■ TASK OBJECTIVE: Word for word, restate the lines from the start of the data down to the line with "콜드브루와 원두판매 그리고 마카롱들 케익들 음료들이 있었고요", both included.

=== AVAILABLE RECORDS ===

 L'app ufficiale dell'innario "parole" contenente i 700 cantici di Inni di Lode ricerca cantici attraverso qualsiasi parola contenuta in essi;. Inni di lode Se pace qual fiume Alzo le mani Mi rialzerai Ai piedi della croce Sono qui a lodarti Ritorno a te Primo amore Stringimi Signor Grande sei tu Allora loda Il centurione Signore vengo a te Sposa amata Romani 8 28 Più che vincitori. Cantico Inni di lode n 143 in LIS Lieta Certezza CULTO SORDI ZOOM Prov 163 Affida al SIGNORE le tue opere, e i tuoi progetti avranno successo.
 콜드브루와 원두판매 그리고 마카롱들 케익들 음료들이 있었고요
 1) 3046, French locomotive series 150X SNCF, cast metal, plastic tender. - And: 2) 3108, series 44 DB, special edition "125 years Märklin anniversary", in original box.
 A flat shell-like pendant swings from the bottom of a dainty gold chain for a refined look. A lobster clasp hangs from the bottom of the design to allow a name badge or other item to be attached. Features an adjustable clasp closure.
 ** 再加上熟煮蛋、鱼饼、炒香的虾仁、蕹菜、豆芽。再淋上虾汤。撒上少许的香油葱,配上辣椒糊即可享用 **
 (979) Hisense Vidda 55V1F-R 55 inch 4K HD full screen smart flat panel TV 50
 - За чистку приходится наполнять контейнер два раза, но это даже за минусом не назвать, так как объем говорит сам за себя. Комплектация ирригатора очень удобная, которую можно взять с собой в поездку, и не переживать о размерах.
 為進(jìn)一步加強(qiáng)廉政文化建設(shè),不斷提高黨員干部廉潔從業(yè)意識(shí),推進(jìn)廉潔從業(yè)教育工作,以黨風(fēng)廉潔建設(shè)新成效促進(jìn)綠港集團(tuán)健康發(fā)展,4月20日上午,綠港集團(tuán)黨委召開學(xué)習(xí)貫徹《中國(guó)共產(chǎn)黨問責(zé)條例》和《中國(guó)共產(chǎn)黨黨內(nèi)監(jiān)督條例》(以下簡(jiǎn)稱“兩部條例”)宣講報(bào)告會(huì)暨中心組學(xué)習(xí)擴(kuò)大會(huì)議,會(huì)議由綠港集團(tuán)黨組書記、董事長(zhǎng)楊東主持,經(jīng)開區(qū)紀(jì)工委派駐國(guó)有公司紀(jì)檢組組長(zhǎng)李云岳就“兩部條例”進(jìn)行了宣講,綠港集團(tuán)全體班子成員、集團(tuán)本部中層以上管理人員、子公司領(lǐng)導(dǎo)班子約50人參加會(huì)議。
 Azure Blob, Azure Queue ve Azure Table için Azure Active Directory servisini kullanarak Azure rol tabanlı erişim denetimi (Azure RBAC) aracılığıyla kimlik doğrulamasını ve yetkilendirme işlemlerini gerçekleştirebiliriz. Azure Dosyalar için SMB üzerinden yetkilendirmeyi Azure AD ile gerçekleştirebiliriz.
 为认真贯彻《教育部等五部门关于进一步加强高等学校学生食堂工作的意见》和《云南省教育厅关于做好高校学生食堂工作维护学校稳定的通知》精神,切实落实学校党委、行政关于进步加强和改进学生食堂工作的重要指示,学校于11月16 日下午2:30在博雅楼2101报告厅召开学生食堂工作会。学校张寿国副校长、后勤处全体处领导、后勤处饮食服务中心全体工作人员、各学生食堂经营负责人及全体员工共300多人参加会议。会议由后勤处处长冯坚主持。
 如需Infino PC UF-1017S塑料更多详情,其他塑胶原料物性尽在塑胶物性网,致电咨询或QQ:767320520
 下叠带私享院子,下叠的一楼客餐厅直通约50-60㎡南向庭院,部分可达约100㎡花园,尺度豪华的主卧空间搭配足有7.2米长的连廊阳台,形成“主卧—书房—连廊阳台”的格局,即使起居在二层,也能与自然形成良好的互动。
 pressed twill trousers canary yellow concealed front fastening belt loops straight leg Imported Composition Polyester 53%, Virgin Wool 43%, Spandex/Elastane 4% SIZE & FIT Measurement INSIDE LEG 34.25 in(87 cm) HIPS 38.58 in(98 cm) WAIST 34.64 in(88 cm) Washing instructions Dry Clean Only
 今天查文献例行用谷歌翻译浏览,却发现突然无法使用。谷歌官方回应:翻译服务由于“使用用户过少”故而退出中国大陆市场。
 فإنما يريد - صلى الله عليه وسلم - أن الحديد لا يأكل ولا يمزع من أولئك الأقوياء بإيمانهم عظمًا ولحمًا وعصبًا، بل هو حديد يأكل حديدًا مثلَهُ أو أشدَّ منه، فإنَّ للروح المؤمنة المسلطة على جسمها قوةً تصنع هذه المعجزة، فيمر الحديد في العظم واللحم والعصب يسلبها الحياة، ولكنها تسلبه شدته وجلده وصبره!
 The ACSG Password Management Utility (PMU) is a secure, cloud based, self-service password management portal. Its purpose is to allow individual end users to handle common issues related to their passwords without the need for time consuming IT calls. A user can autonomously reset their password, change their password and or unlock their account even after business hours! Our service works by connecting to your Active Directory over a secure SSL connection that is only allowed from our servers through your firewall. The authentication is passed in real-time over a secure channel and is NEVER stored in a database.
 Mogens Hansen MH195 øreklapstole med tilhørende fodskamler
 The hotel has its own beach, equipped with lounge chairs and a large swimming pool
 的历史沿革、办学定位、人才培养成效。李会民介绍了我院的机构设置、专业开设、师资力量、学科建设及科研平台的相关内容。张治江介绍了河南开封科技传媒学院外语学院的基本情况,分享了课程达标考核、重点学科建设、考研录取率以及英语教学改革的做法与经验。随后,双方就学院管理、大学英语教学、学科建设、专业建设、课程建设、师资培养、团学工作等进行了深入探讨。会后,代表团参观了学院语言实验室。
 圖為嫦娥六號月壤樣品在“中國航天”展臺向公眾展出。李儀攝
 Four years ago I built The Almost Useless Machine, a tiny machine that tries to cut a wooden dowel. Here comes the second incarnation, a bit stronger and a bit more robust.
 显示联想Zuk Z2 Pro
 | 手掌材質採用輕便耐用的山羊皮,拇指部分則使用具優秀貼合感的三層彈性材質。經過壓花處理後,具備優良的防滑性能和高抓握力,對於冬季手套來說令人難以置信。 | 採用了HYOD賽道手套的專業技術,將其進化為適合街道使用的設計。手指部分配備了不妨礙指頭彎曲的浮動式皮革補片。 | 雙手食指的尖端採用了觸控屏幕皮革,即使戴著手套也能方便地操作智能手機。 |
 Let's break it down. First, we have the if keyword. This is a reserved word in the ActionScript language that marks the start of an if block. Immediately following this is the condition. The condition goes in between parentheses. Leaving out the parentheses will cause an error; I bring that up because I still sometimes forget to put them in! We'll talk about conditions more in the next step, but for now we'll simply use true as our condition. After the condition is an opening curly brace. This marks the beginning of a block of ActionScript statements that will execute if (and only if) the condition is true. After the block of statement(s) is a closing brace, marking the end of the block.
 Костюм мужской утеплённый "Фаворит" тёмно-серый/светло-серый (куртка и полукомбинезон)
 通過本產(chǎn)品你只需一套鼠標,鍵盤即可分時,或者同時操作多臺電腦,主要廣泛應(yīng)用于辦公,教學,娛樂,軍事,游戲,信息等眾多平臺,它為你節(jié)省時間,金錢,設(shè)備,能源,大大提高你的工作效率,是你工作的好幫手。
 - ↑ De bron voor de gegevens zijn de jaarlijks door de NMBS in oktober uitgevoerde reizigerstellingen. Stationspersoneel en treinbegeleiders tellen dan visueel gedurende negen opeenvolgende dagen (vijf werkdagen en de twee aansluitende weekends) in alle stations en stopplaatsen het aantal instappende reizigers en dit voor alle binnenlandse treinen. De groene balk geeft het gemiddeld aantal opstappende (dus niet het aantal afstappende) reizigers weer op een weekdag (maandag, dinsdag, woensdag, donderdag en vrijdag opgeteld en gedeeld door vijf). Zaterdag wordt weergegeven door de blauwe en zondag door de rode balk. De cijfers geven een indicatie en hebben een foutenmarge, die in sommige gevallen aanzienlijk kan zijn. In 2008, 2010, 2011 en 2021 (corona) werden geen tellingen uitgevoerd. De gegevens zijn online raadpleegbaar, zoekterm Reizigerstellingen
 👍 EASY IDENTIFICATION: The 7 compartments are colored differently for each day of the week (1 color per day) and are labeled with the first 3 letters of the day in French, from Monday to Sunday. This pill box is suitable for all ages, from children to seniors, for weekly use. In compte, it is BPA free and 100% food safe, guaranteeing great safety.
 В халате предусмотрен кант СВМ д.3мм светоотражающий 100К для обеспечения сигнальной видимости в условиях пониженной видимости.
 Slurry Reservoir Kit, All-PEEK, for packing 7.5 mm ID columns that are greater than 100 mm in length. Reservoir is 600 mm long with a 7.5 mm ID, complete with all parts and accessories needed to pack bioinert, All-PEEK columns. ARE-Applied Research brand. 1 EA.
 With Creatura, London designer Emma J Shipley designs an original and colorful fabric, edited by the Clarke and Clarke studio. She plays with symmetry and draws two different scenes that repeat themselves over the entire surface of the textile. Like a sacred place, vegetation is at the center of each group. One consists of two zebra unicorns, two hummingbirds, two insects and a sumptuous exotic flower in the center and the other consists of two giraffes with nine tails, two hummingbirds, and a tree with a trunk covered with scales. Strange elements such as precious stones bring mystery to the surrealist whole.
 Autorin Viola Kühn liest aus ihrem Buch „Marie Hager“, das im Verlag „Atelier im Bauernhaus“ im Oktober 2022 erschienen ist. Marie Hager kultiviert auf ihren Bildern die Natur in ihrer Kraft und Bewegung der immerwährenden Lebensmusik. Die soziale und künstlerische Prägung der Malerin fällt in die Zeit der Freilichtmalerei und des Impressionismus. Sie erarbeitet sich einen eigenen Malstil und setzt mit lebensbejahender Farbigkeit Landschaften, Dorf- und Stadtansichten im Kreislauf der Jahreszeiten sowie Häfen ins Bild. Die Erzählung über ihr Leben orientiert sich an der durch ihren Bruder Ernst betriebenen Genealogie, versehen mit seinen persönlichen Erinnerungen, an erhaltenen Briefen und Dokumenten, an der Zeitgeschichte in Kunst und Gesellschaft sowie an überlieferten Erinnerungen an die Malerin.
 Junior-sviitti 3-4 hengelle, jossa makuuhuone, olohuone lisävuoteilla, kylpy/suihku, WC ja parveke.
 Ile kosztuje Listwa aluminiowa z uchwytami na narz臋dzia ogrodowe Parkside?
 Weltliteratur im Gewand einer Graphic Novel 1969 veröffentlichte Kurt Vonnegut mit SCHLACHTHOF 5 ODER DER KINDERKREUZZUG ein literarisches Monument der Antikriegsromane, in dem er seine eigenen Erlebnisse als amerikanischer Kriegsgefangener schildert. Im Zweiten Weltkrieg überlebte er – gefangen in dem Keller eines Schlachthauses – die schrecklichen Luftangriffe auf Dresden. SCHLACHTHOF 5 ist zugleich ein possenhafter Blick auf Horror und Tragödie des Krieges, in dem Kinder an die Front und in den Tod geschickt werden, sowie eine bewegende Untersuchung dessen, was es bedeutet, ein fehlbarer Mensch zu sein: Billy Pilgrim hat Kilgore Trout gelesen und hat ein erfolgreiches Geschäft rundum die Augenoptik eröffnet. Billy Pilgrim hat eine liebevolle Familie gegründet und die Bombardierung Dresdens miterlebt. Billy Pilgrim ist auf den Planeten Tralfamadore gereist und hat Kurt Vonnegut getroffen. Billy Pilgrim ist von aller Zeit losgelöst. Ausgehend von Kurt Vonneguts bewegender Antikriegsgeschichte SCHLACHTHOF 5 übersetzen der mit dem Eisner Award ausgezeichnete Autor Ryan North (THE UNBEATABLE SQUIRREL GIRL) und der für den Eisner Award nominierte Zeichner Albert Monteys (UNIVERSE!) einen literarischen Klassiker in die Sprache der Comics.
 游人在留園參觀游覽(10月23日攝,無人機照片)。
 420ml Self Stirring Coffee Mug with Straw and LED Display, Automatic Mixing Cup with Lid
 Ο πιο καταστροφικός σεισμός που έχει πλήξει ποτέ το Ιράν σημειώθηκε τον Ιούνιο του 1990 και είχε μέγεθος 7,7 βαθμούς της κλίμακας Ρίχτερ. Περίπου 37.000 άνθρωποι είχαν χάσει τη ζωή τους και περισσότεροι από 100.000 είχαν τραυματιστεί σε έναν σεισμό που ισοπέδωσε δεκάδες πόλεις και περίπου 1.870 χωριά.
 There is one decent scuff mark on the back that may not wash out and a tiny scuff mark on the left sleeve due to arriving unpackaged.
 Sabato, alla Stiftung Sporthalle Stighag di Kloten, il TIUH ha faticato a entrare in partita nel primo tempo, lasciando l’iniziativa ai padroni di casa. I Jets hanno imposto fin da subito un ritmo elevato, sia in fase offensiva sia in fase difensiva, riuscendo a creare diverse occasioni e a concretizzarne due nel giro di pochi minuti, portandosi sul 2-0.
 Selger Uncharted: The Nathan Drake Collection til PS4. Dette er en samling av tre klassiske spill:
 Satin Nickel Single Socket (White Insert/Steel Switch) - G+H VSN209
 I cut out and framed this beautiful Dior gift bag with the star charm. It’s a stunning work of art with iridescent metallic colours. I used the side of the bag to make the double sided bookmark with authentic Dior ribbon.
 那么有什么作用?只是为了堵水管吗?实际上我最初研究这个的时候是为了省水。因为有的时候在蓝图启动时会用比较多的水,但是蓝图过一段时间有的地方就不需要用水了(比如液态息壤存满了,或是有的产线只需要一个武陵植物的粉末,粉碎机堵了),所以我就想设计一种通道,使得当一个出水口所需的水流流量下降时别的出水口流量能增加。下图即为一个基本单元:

===

■ ANSWER:
 L'app ufficiale dell'innario "parole" contenente i 700 cantici di Inni di Lode ricerca cantici attraverso qualsiasi parola contenuta in essi;. Inni di lode Se pace qual fiume Alzo le mani Mi rialzerai Ai piedi della croce Sono qui a lodarti Ritorno a te Primo amore Stringimi Signor Grande sei tu Allora loda Il centurione Signore vengo a te Sposa amata Romani 8 28 Più che vincitori. Cantico Inni di lode n 143 in LIS Lieta Certezza CULTO SORDI ZOOM Prov 163 Affida al SIGNORE le tue opere, e i tuoi progetti avranno successo.
 콜드브루와 원두판매 그리고 마카롱들 케익들 음료들이 있었고요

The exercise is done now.